◆ **Task brief**: Your output should be the lines from the one containing "Подготовленную капусту и" through the last line below, both ends included, exactly as written and free of pictures.

◆ **Entries supplied**:
• • • • •
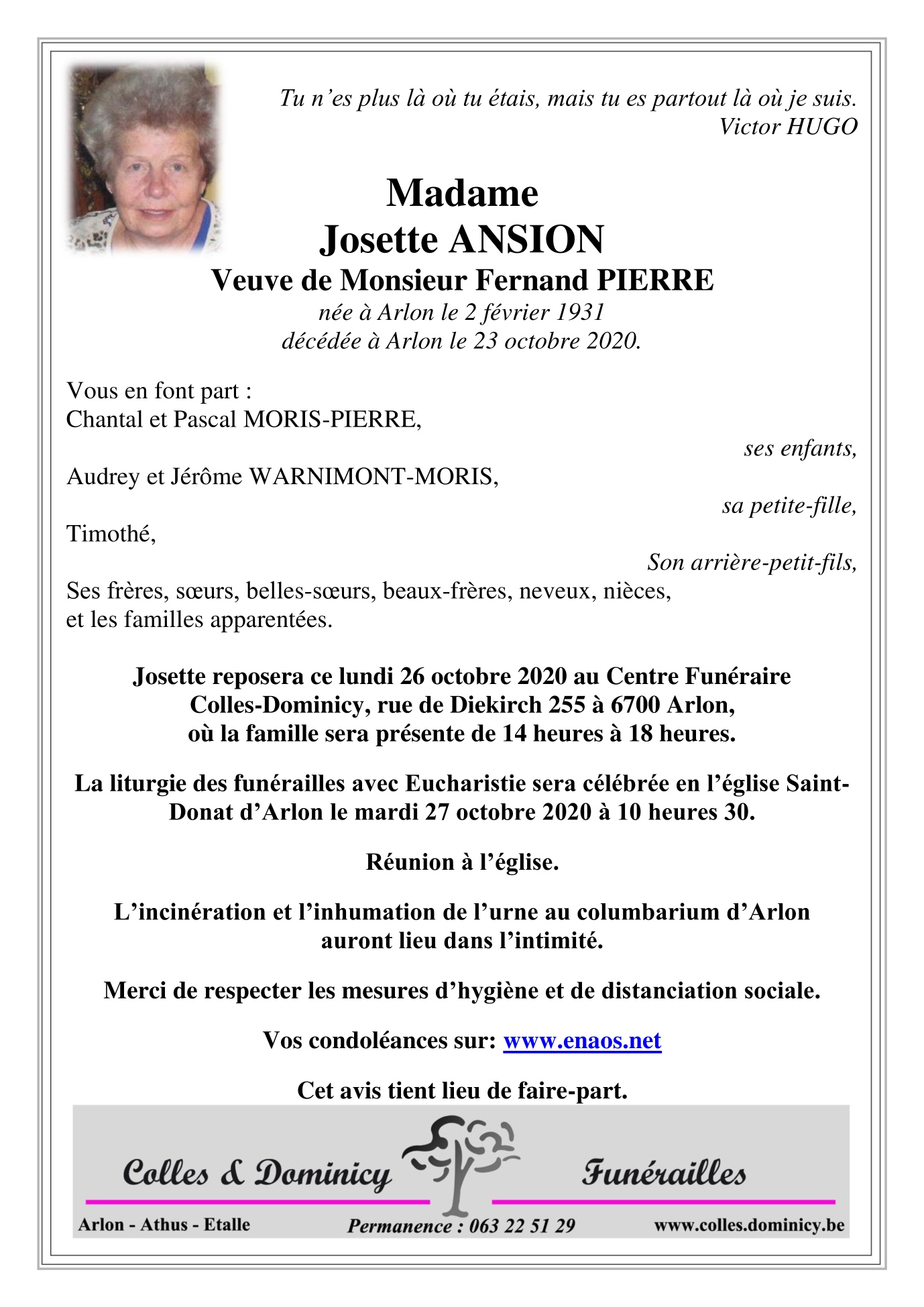 Décédée à Arlon (6700) le vendredi 23 octobre 2020 à l'âge de 89 ans
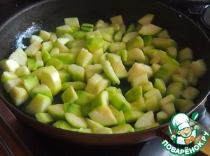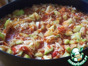 Подготовленную капусту и рис переложить в кастрюлю с толстым дном или казан, а на сковороде поджарить порезанные на кусочки кабачки. Молодые кабачки можно использовать с кожицей и семенами, а старые нужно очистить и удалить семена.
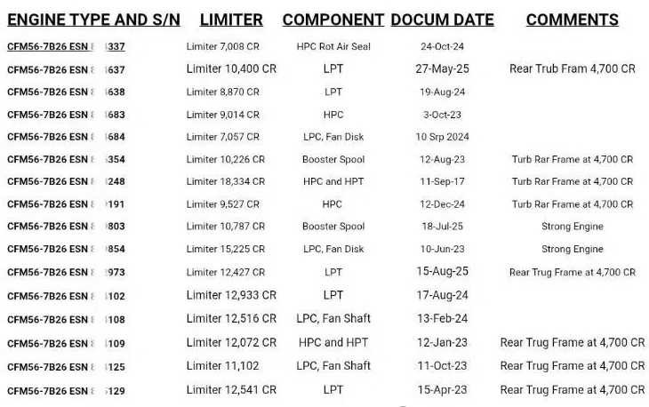 16台CFM56-7B26涡扇发动机出售,SV状态;Limiter 范围从 7,000 Cy 到 ~18,000 Cy!
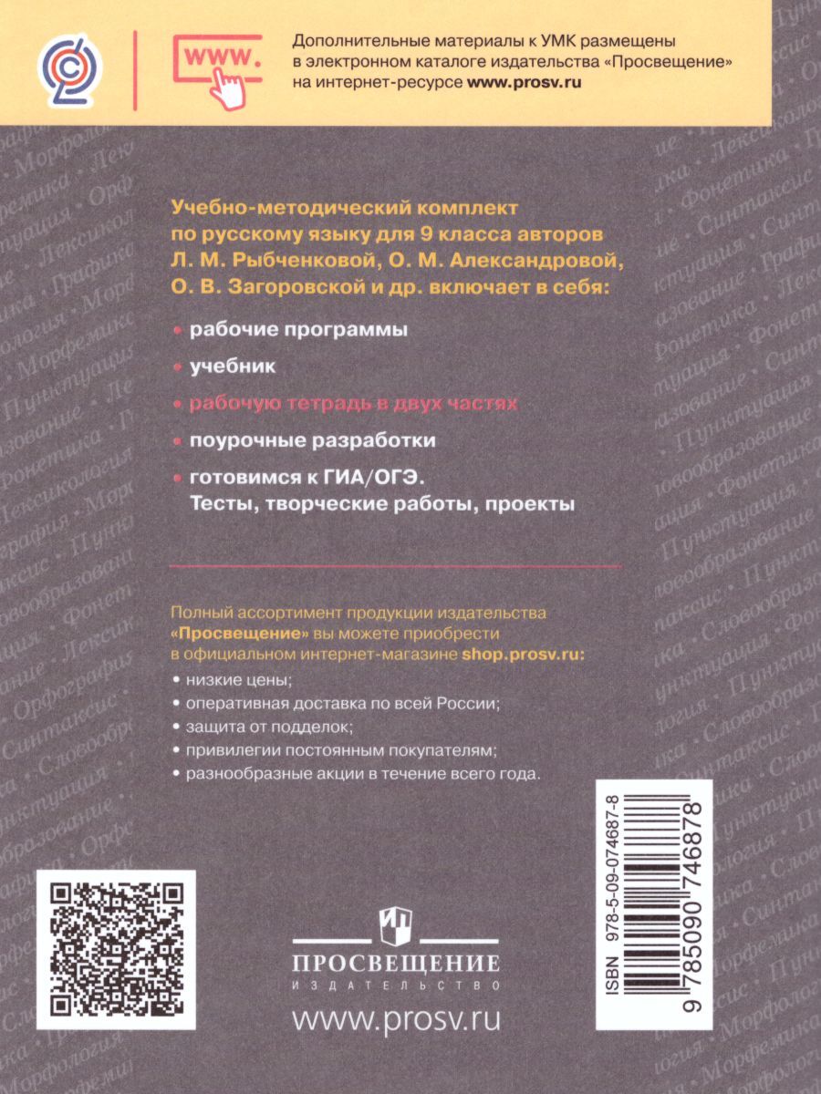 Рабочая тетрадь по русскому языку в 2 частях адресована учащимся и является составной часть УМК по русскому языку для 9 класса авторов Л.М. Рыбченковой, Т.Н. Роговик. Все упражнения и задания рабочей тетради структурированы в соответствии с разделами и па
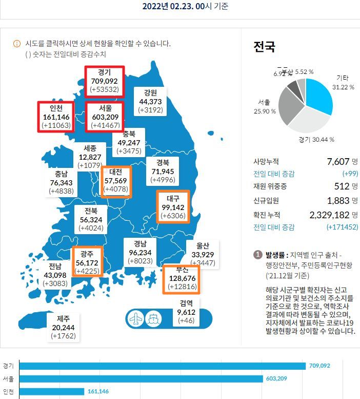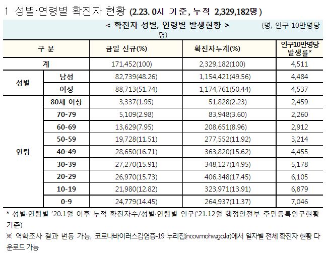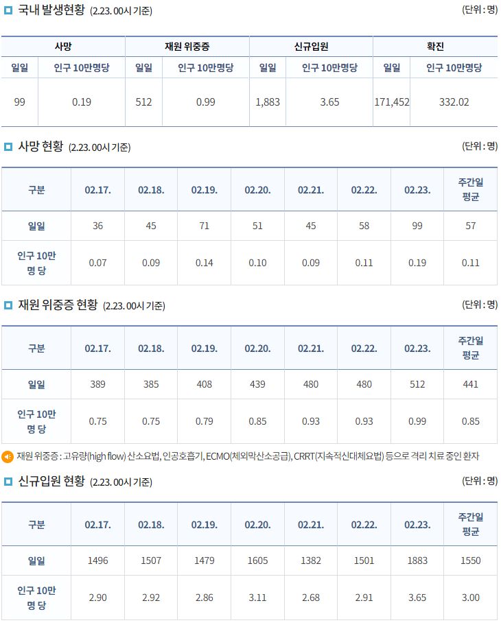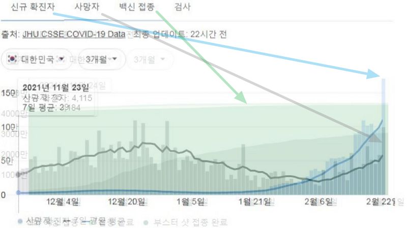 코로나19집계(2022.2.23. 0시기준): 171452명 ★/:/ 최근 90일 확진자, 사망자 추이 본문
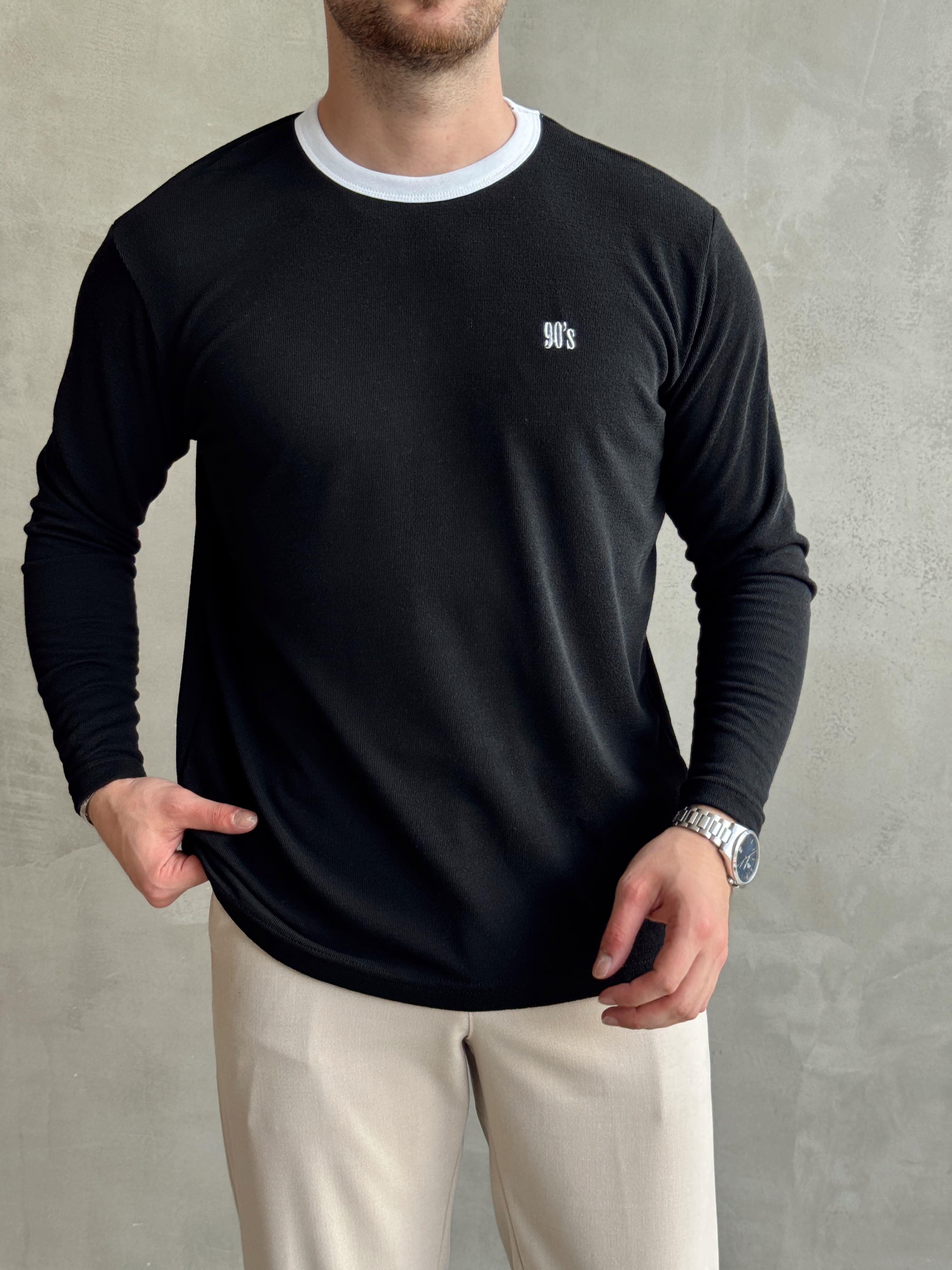 Erkek Premium Yüksek Kalite Regular Fit Bisiklet Yaka 90's İşleme Detay Triko Kazak-Siyah(E1478)
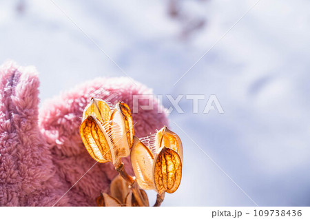 ウバユリの殻とピンク色のミトン
• • • • •
◆ **Solution for this problem**:
 Подготовленную капусту и рис переложить в кастрюлю с толстым дном или казан, а на сковороде поджарить порезанные на кусочки кабачки. Молодые кабачки можно использовать с кожицей и семенами, а старые нужно очистить и удалить семена.
 16台CFM56-7B26涡扇发动机出售,SV状态;Limiter 范围从 7,000 Cy 到 ~18,000 Cy!
 Рабочая тетрадь по русскому языку в 2 частях адресована учащимся и является составной часть УМК по русскому языку для 9 класса авторов Л.М. Рыбченковой, Т.Н. Роговик. Все упражнения и задания рабочей тетради структурированы в соответствии с разделами и па
 코로나19집계(2022.2.23. 0시기준): 171452명 ★/:/ 최근 90일 확진자, 사망자 추이 본문
 Erkek Premium Yüksek Kalite Regular Fit Bisiklet Yaka 90's İşleme Detay Triko Kazak-Siyah(E1478)
 ウバユリの殻とピンク色のミトン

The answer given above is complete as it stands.